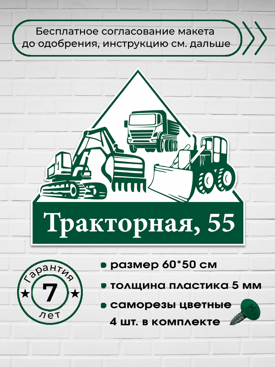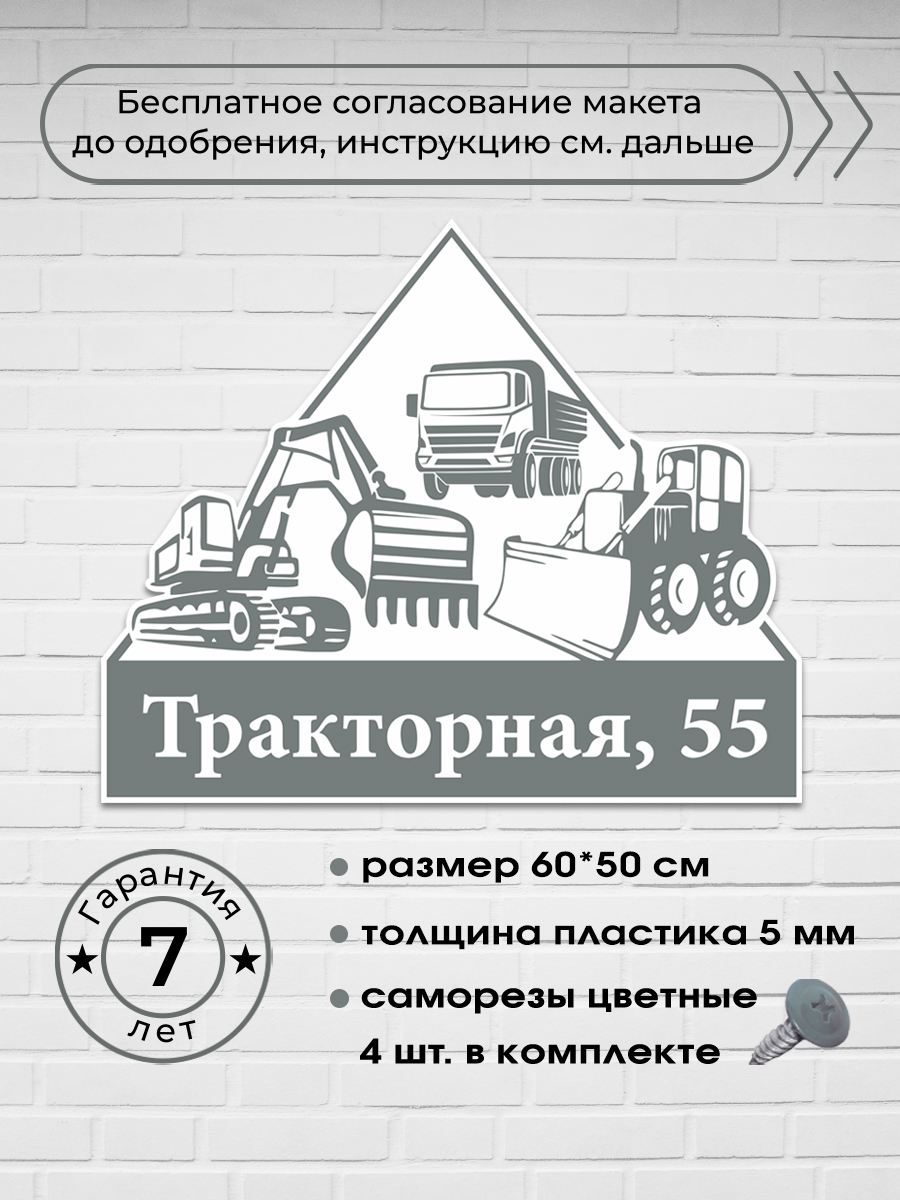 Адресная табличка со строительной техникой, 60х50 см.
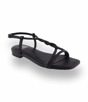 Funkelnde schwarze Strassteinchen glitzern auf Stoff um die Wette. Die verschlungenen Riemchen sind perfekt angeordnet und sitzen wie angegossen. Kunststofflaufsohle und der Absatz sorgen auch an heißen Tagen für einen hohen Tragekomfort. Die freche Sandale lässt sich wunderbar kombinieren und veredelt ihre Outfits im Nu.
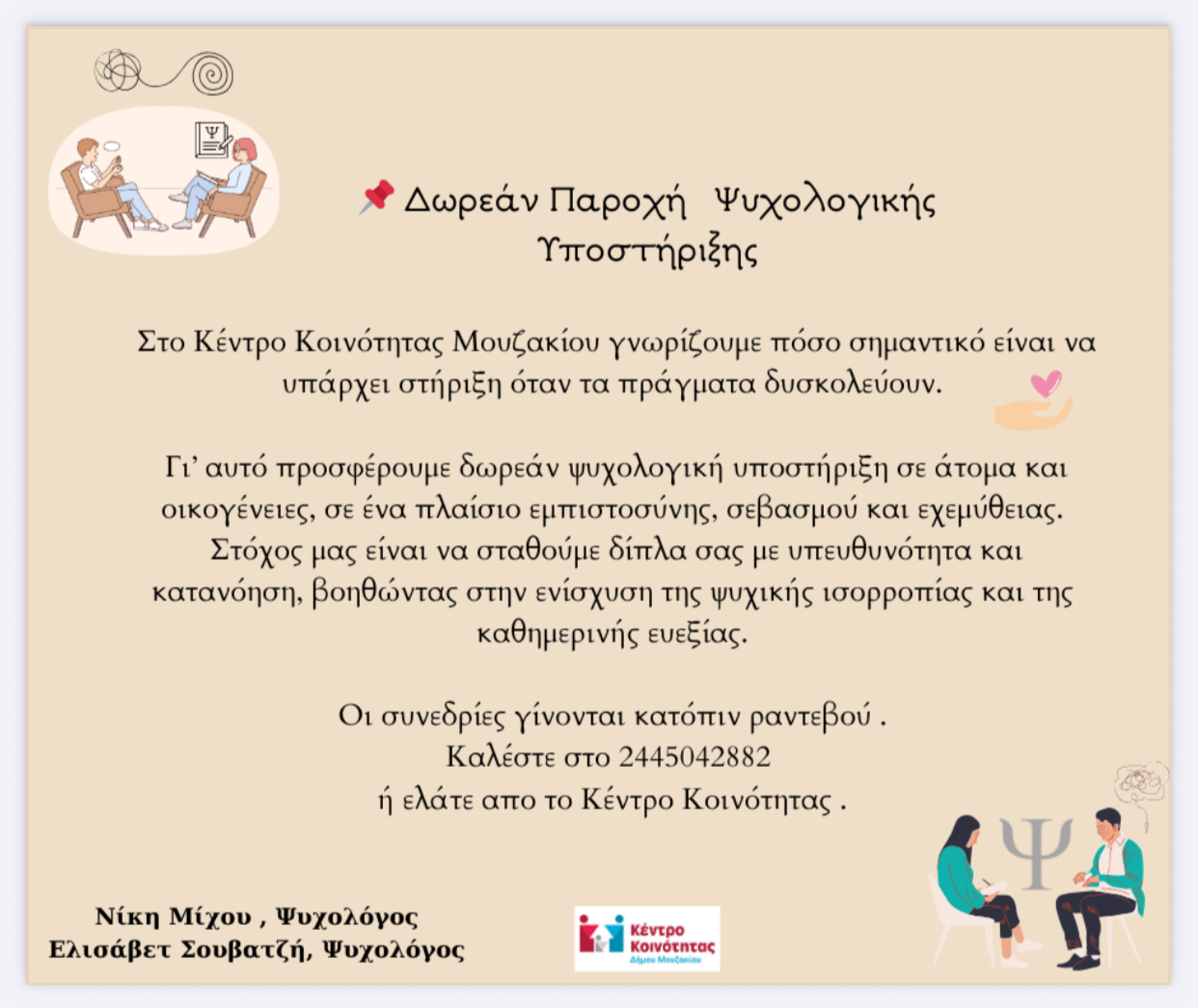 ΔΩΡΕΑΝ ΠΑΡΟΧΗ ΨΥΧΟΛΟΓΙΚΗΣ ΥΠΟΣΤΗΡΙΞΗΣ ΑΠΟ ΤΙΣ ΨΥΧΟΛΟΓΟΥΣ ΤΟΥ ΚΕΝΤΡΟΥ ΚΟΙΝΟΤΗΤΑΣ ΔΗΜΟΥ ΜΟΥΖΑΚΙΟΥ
* * *
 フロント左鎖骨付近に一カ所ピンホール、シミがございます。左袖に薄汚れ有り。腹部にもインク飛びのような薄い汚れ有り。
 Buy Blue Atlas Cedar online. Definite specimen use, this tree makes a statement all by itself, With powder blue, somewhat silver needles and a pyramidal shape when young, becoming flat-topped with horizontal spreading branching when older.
--
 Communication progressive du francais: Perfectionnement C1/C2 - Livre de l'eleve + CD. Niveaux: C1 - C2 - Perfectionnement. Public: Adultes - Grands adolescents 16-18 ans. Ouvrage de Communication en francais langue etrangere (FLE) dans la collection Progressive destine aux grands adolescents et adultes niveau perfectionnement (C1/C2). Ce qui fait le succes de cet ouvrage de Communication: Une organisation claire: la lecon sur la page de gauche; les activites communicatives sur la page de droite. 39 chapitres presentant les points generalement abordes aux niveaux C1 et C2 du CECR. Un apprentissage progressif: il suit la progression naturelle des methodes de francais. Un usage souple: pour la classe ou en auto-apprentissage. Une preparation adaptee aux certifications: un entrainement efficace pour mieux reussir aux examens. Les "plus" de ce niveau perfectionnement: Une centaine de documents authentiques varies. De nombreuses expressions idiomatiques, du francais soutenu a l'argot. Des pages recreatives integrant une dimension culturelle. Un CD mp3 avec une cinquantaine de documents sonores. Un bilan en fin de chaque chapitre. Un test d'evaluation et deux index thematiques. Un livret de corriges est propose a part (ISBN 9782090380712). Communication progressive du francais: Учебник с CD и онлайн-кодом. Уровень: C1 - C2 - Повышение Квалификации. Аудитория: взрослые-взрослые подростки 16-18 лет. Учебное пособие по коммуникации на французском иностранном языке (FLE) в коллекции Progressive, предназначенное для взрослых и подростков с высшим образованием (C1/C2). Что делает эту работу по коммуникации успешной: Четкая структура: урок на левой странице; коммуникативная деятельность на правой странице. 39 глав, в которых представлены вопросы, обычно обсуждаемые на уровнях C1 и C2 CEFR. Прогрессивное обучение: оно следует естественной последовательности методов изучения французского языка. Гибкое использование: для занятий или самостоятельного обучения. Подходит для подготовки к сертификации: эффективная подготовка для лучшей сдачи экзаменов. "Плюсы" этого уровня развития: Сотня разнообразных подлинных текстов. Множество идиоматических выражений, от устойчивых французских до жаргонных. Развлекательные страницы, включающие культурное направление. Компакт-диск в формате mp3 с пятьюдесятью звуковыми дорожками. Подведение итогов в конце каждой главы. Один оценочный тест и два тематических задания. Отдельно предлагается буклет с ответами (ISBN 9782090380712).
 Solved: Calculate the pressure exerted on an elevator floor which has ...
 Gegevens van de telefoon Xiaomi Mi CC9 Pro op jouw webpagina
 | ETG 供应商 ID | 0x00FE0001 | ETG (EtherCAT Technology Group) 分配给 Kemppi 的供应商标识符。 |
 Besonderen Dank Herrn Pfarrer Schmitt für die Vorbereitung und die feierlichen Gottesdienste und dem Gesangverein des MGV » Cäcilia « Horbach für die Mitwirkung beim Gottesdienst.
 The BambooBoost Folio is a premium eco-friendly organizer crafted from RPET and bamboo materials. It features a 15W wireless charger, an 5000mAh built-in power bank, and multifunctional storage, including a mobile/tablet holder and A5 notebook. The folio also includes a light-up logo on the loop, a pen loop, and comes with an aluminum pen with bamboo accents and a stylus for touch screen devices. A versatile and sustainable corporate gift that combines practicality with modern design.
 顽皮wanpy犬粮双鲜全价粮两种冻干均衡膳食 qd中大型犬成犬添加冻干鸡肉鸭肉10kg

_EXERCISE GOAL_. Out of the material above, output word for word the line with "The BambooBoost Folio", the line with "顽皮wanpy犬粮双鲜全价粮", and all lines between them, with nothing else.

_RESPONSE AREA_.
 The BambooBoost Folio is a premium eco-friendly organizer crafted from RPET and bamboo materials. It features a 15W wireless charger, an 5000mAh built-in power bank, and multifunctional storage, including a mobile/tablet holder and A5 notebook. The folio also includes a light-up logo on the loop, a pen loop, and comes with an aluminum pen with bamboo accents and a stylus for touch screen devices. A versatile and sustainable corporate gift that combines practicality with modern design.
 顽皮wanpy犬粮双鲜全价粮两种冻干均衡膳食 qd中大型犬成犬添加冻干鸡肉鸭肉10kg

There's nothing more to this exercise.